No, I’m not talking about the awesome drums and bass album you’re working on. And I’m not talking about your new theory of about time and mountains and stuff. And I’m not talking about your award winning bowel movements.
I’m talking about shaking the heavenly spheres until they throw up a little. I’m talking about jamming your boot into the nearest orifice until the planet cries uncle. I’m talking about pinning its arms and slapping its belly until it forgets its own name in frustration. I’m talking about changing the world.
Sure, it’s sort of supervillain territory. And it used to be that you’d need a bad childhood and some sort of superpower, or maybe a giant laser for this sort of thing. But these days… these days you don’t even need to be super-mega-rich to tear the planet a new one; you only need to be super rich. And it could be that the planet needs a new one torn.
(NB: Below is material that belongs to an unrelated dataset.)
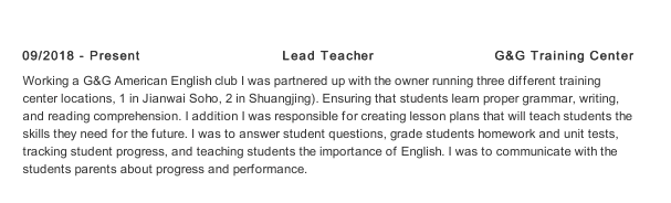 國籍: 加拿大 求職意向: 教師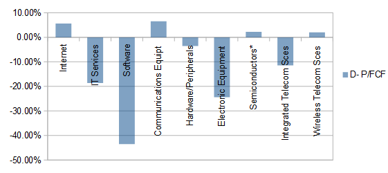 自由现金流比例(P/FCF)上,互联网,电子设备,半导体,电信提升,其他板块稳定;

We haven’t really talked much about geoengineering here on Buzz, which is weird, because it falls under both “quick fixes” and “things that might look awesome,” categories I very much appreciate. This is why I prefer to deal with hangnails by shooting them off, and why my dog has painted-on zebra stripes. (The “quick fix” there was spray paint being used to make him look less stupid.)
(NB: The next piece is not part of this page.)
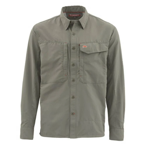 DESCRIPTION Spring in the Rockies means baetis littered back eddies, the off-key chorus of awakening cicadas, and overtime for guides chasing hatches of playoff proportions. For fishing seasons without sleep, Simms’ Guide LS shirt is a feature-rich river ally—always at the ready. Pro-inspired architecture stems from easy-wearing, quick-drying nylon fabric kitted with UPF50 sun protection. When the heat flares, stay fresh thanks to a vented mesh-lined back panel that amplifies airflow. Roll up sleeves, lock them in place with button retainers, and cast all day in comfort. And keep it simple, smart, and in-focus with fly box compatible chest pockets and a sunglasses cleaning chamois at the shirt’s hem. FEATURES Durable, quick-dry, wicking UPF50 nylon fabric Two pleated, fly box compatible chest pockets with hook & loop closure; two hidden, mesh backed, zippered chest pockets; internal license pocket & accessory loop Vented, mesh lined back panel wicks moisture & promotes air flow Roll-up sleeves with button retainers New sunglass cleaning chamois at hem FABRIC TECH:100% Nylon ripstop fabric APPROX. WEIGHT: 10 oz STYLE FIT: Traditional Fit, click here to read more

Geoengineering is engineering on the global scale; it’s changing the planet to solve some problem. What if we could, for instance, stop global warming without changing our energy-hungry lifestyles? What if it was as quick and cheap as spray-painting the dog?
The thing is, many geoengineering projects would be quick and easy (relative to, say, transitioning the planet to renewable energy). But, like spray-painting the dog, geoengineering comes with the potential for serious problems. If we’re spray-painting the dog instead of washing him, we have to keep spray-painting him forever, or else one day we’ll have an obviously incredibly unwashed dog on our hands. And what sort of health problems might a spray-painted dog unexpectedly develop? And can we get used to living with a dog that is spray-painted?
(Bryan Kennedy posted a link to an article about these issues this summer. Check it out.)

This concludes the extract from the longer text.